• _What the task asks_
Without the pictures, set down everything in the listing exactly.

___ Data below

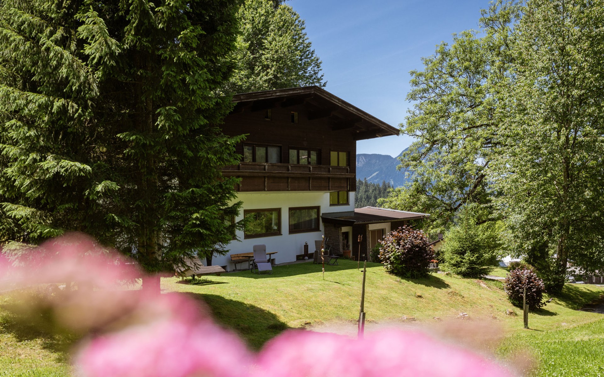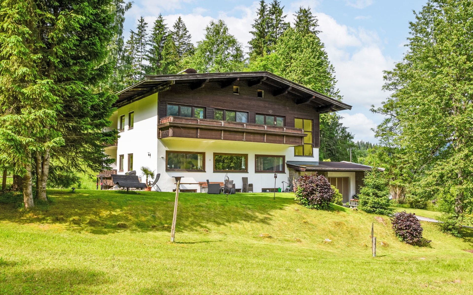 Ellmau: Apartment block "Esche", detached. 5 apartments in the property. 2.5 km from the centre of Ellmau, in a quiet position on a slope, 2.5 km from the skiing area. For shared use: lawn for sunbathing, beautiful garden to relax. Terrace (30 m2), garden furniture, barbecue. In the complex: lounge, central heating system. Parking (for 4 cars) at the house. Supermarket 1.9 km, restaurant 350 m, bakery 1 km, bus stop "Ellmau/Auwald" 550 m, railway station "Kitzbühel" 17 km, outdoor swimming pool 1.9 km, indoor swimming pool 1.9 km. Golf course (18 hole) 2.4 km, skisport facilities 2.5 km, ski rental 2.5 km, ski bus stop 550 m. Nearby attractions: Kitzbühel Zentrum 16 km, Bergdoktorhaus 3.3 km, Schleier Wasserfall 10.7 km, Casino Kitzbühel 16 km. Well-known ski regions can easily be reached: SkiWelt Wilder Kaiser 2.5 km, Kitzbühel 16 km. Well-known lakes can easily be reached: Schwarzsee Kitzbühel 16 km, Hintersteinersee 6.7 km. Hiking paths: wandern und radfahren ab Haus möglich, Radwege in unmittelbarer Nähe, Hexenwasser Söll 12.4 km. Please note: ski bus (free of charge).
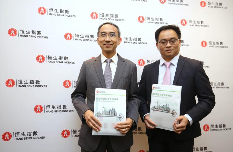 圖:恒生指數公司總經理關永盛(左)表示,未有討論會否將生物科技公司納入選股範疇。旁為研究及分析主管黃偉雄」大公報記者麥潤田攝
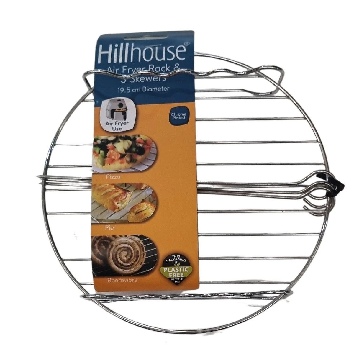 Hillhouse air fryer accessory bundle: included is a gripper clip, 3 skewer rack and a wire toast rack The hillhouse air fryer accessory bundle is the perfect addition to any kitchen looking to create delicious and healthy meals with ease. This bundle includes three essential accessories that are designed to help you cook your favourite meals in your air fryer with precision and convenience. Details: Gripper clip: - this handy accessory allows you to safely remove hot items from your air fryer without burning your hands. - it's made of durable stainless steel and has a silicone grip for added comfort. The gripper clip is easy to use and fits most air fryer sizes. Air fryer rack with 3 skewers: - this versatile rack is perfect for cooking meat, vegetables, and other foods on skewers. - the rack elevates the food, allowing hot air to circulate evenly around it for perfect cooking results. - the rack is made of stainless steel and are dishwasher safe for easy cleaning. - includes 3 stainless steel skewers -19cm long - the air fryer rack is 19.5cm in diameter, heat resistant up to 220 degrees celsius and is dishwasher safe. Wire toast rack: - this accessory is designed for making crispy toast in your air fryer. - the wire rack elevates the bread, allowing hot air to circulate around it for even toasting. - the toast rack can hold up to 8 slices - it's easy to clean and can be used for toasting bread, bagels, and more. - the air fryer toast rack is 13cm in diameter, heat resistant up to 220 degrees celsius and is dishwasher safe. With the hillhouse air fryer accessory bundle, you can cook a variety of meals with ease and precision. These accessories are made of high-quality materials and are designed to last, making them a great investment for any home cook. What's in the box 1 x Air Fryer Gripper Clip 1 x Air Fryer Rack with 3 Skewers 1 x Air Fryer Wire Toast Rack |

______

• _Response area_
 Ellmau: Apartment block "Esche", detached. 5 apartments in the property. 2.5 km from the centre of Ellmau, in a quiet position on a slope, 2.5 km from the skiing area. For shared use: lawn for sunbathing, beautiful garden to relax. Terrace (30 m2), garden furniture, barbecue. In the complex: lounge, central heating system. Parking (for 4 cars) at the house. Supermarket 1.9 km, restaurant 350 m, bakery 1 km, bus stop "Ellmau/Auwald" 550 m, railway station "Kitzbühel" 17 km, outdoor swimming pool 1.9 km, indoor swimming pool 1.9 km. Golf course (18 hole) 2.4 km, skisport facilities 2.5 km, ski rental 2.5 km, ski bus stop 550 m. Nearby attractions: Kitzbühel Zentrum 16 km, Bergdoktorhaus 3.3 km, Schleier Wasserfall 10.7 km, Casino Kitzbühel 16 km. Well-known ski regions can easily be reached: SkiWelt Wilder Kaiser 2.5 km, Kitzbühel 16 km. Well-known lakes can easily be reached: Schwarzsee Kitzbühel 16 km, Hintersteinersee 6.7 km. Hiking paths: wandern und radfahren ab Haus möglich, Radwege in unmittelbarer Nähe, Hexenwasser Söll 12.4 km. Please note: ski bus (free of charge).
 圖:恒生指數公司總經理關永盛(左)表示,未有討論會否將生物科技公司納入選股範疇。旁為研究及分析主管黃偉雄」大公報記者麥潤田攝
 Hillhouse air fryer accessory bundle: included is a gripper clip, 3 skewer rack and a wire toast rack The hillhouse air fryer accessory bundle is the perfect addition to any kitchen looking to create delicious and healthy meals with ease. This bundle includes three essential accessories that are designed to help you cook your favourite meals in your air fryer with precision and convenience. Details: Gripper clip: - this handy accessory allows you to safely remove hot items from your air fryer without burning your hands. - it's made of durable stainless steel and has a silicone grip for added comfort. The gripper clip is easy to use and fits most air fryer sizes. Air fryer rack with 3 skewers: - this versatile rack is perfect for cooking meat, vegetables, and other foods on skewers. - the rack elevates the food, allowing hot air to circulate evenly around it for perfect cooking results. - the rack is made of stainless steel and are dishwasher safe for easy cleaning. - includes 3 stainless steel skewers -19cm long - the air fryer rack is 19.5cm in diameter, heat resistant up to 220 degrees celsius and is dishwasher safe. Wire toast rack: - this accessory is designed for making crispy toast in your air fryer. - the wire rack elevates the bread, allowing hot air to circulate around it for even toasting. - the toast rack can hold up to 8 slices - it's easy to clean and can be used for toasting bread, bagels, and more. - the air fryer toast rack is 13cm in diameter, heat resistant up to 220 degrees celsius and is dishwasher safe. With the hillhouse air fryer accessory bundle, you can cook a variety of meals with ease and precision. These accessories are made of high-quality materials and are designed to last, making them a great investment for any home cook. What's in the box 1 x Air Fryer Gripper Clip 1 x Air Fryer Rack with 3 Skewers 1 x Air Fryer Wire Toast Rack |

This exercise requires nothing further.